SUPPLIED MATERIAL →
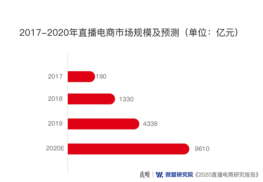 艾媒咨询数据显示,2019年中国直播电商行业总规模为4338亿元,预计2020年国内直播电商行业规模将达到9610亿元,接近万亿级体量,更有说法预测到2021年规模将达到两万亿。全民直播时代正在到来,还远未结束。
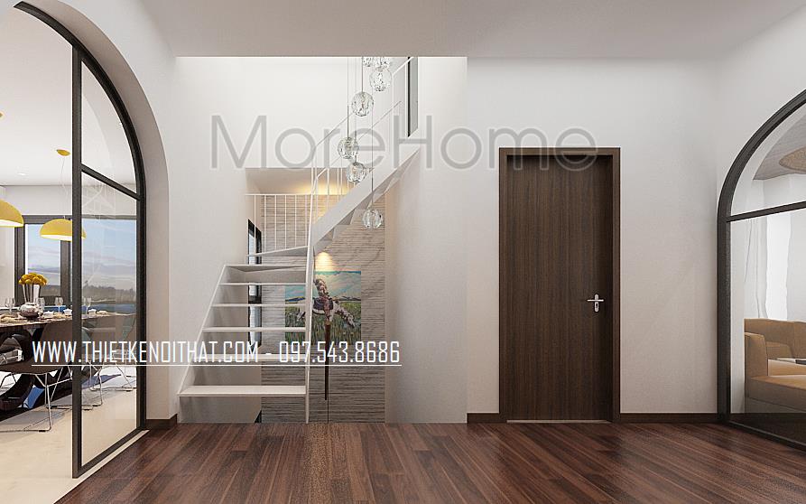 Thiết kế nội thất biệt thự Xuân Phương là sự kết hợp hài hòa của các thiết kế mang vẻ đẹp phá cách và hiện đại. Điển hình là cầu thang được sử dụng vật liệu mới lạ. Thay vì việc ứng dụng cấu trúc build-in cứng nhắc thì kiến trúc sư lại khéo léo sử dụng vật liệu nhẹ, tạo không gian mở và khoảng trống giữa các bậc thang góp phần lớn tăng độ thoáng và mở cho thiết kế.
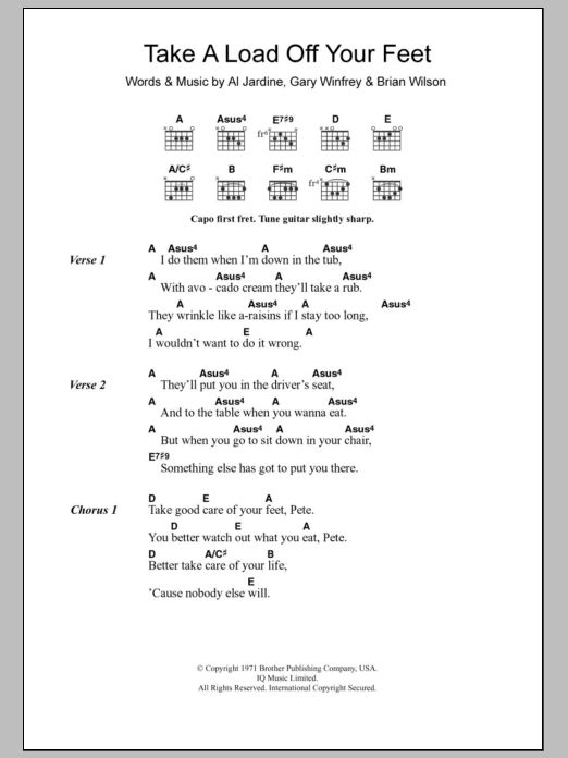 The Beach Boys Take A Load Off Your Feet sheet music, chords, lyrics - Printable PDF for Lyrics & Chords

TASK TO CARRY OUT → Your reply should give again exactly the lines from the one with "Thiết kế nội" through the last line of the data, with both ends included and pictures left out.

SOLVED EXERCISE →
 Thiết kế nội thất biệt thự Xuân Phương là sự kết hợp hài hòa của các thiết kế mang vẻ đẹp phá cách và hiện đại. Điển hình là cầu thang được sử dụng vật liệu mới lạ. Thay vì việc ứng dụng cấu trúc build-in cứng nhắc thì kiến trúc sư lại khéo léo sử dụng vật liệu nhẹ, tạo không gian mở và khoảng trống giữa các bậc thang góp phần lớn tăng độ thoáng và mở cho thiết kế.
 The Beach Boys Take A Load Off Your Feet sheet music, chords, lyrics - Printable PDF for Lyrics & Chords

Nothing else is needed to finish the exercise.